ТВОРЧЕСТВО

ПОЗНАНИЕ

А  Б  В  Г  Д  Е  Ж  З  И  Й  К  Л  М  Н  О  П  Р  С  Т  У  Ф  Х  Ц  Ч  Ш  Щ  Э  Ю  Я  AZ

 


И опять шли молча, слушая свист ветра.
— Побили, дядя Сергей? — спросил я. Вандышев с сожалением вздохнул.
— Нельзя! Отвел в Чека, в подвал холодный заперли. Да велел три дня ни крошки ничего ему не давать. Пусть подумает, о детишках вспомнит. Теперь судить будем...
За разговором мы незаметно дошли до особняка богача Де-дилина, где помещался детский дом. Почти все окна особняка были погружены во тьму, только в двух теплился слабый, желтоватый свет. Снежинки косо летели в этом желтом свете, появляясь из тьмы и снова исчезая в ней.
— А я думал, дядя Сергей, что и вправду у вас сын...
— Нет, Данила.— Вандышев вздохнул.— И не будет, видно...
— Почему?
— Да ведь пойми, Данилка... Когда же тут с женой цацкаться, если контра кругом на всех языках шипит да зубы оскаливает?

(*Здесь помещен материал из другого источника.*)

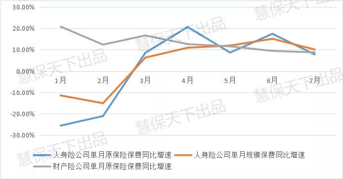 从单月保费同比增速来看,无论是原保险保费,还是规模保费,人身险公司1-2月均为负数,直到3月才转负为正,此后数月都维持正增长,只是到7月,增速相较6月又不约而同出现了下滑。至于财产险公司,其单月原保险保费收入同比增速自3月开始就一直处于不断下滑态势。

Сначала, дорогой, мировую революцию надо на земле наладить, а уж потом... про все прочее думать...
Помню, когда я следом за Вандышевым поднимался по мраморным ступенькам крыльца, мне так захотелось рассказать ему о своей жизни, о погибшем отце, о том, как странно переменилась за последнее время мама, о Подсолнышке, об Оле, обо всех дорогих мне людях — о живых и погибших.
Но сказать я ничего не успел: на властный стук Вандышева нам открыли дверь, и в глубине украшенного белыми колоннами вестибюля нас встретила маленькая хлопотливая старушка с добрыми, глубоко запавшими глазами, с лицом, иссеченным множеством тоненьких морщин. Я подумал, что это и есть та самая няня, которая приходила жаловаться Вандышеву на воров. Так и оказалось. Теперь эта няня заведовала детдомом. - А-а-а, комиссар! — певуче и ласково приветствовала она Вандышева.— Что-то давно не бывал. Ребятенки мои все глаза на дорогу выглядели. А Петька твой...

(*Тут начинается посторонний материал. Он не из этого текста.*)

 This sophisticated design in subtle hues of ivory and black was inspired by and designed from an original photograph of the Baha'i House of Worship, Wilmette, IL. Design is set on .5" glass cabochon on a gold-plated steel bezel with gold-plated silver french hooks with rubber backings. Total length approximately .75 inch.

Она не договорила. На верху лестницы, на широкой площадке, где сверкало высокое, до самого потолка, трюмо в деревянной резной раме и куда выходило несколько дверей из глубины дома, послышалась возня, и истошно радостный вопль пронесся по всему дому. Десятка два мальчишек и девочек, смеясь и толкая друг друга, словно горох посыпались вниз по лестнице. И через несколько секунд Вандышев уже был окружен ватагой худеньких, бледных детишек. Они хватали его за руки, за ноги, кто-то старался вскарабкаться ему на плечи. За визгом и смехом ничего не расслышать.

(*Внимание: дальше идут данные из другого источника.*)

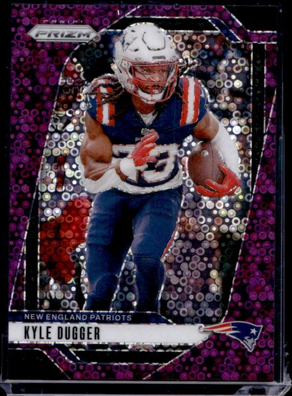 The Kyle Dugger 2024 Prizm #197 No Huddle Purple /49 card is 1 of 85 Kyle Dugger's card variations in the 2024 Prizm set being tracked by Sports Card Investor, including Base, Choice Blue Yellow Green, Choice Silver, Disco, and Green.
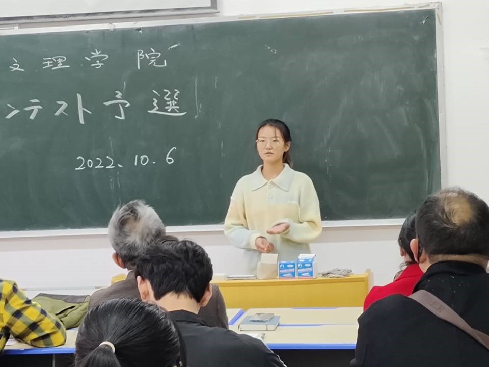 (太阳集团 通讯员 皮一棱、苗占婷)为进一步提高日语学习热情和口语表达能力,激发学习积极性,检验日语学习成效,扩大视野、增进友谊,同时为选拔优秀选手代表太阳集团参加更高层次的学科竞赛,太阳集团于2022年10月6日14时,在S4-205教室举行了日语演讲比赛。本次比赛优胜者将代表学校参加第十七届中华全国日语演讲比赛。外教榊原尚己和日语系樊涛、张皓、苗占婷等共四位老师出席并担任评委。因疫情人员聚集限制,参加本次活动的主要有选手、部分应援学生和评委老师。

Старенькая няня — ее звали Прасковьей Михайловной — стояла в стороне и с улыбкой смотрела на детей. А Вандышев присел на корточки и, широко расставив руки, загреб в охапку несколько ребятишек и хохотал вместе с ними, чуть не падая на пол. Курносый Петька уже сидел у него на плече, изо всех сил прижимаясь животом к голове «отца», цепко обхватив ее обеими руками. Как мне тут же рассказала Прасковья Михайловна, Петька действительно был сыном кронштадтского матроса, который погиб во время подавления контрреволюционного мятежа на Красной Горке. Мать его подобрали на улице — она была при смерти, Петька, укутанный в старенький отцовский бушлат, лежал рядом. Так он попал в детский дом, который потом эвакуировали из Питера в глубь России.
Дав ребятам пошуметь и посмеяться, Прасковья Михайловна прикрикнула на них.
— Марш наверх,— приказала она.— Холодно. Застынете!
Вандышев встал, придерживая на плече сияющего Петьку.
— Дрова привезли, Михаловна?
— Привезли. Теперь в спальне до тепла топим. Пойдем, погляди...
Вандышев, окруженный детишками, стал подниматься по лестнице.
— Хворых нет? — спросил он, оглядываясь через плечо.
— Бог миловал! — отозвалась Прасковья Михайловна. Вандышев остановился, посмотрел строго.
— Сколько раз я тебе указывал, Михаловна, чтобы ты детям мозги этим опиумом не напичкивала?
— Да ведь, милый ты мой комиссар! Неужели же бог — плохо?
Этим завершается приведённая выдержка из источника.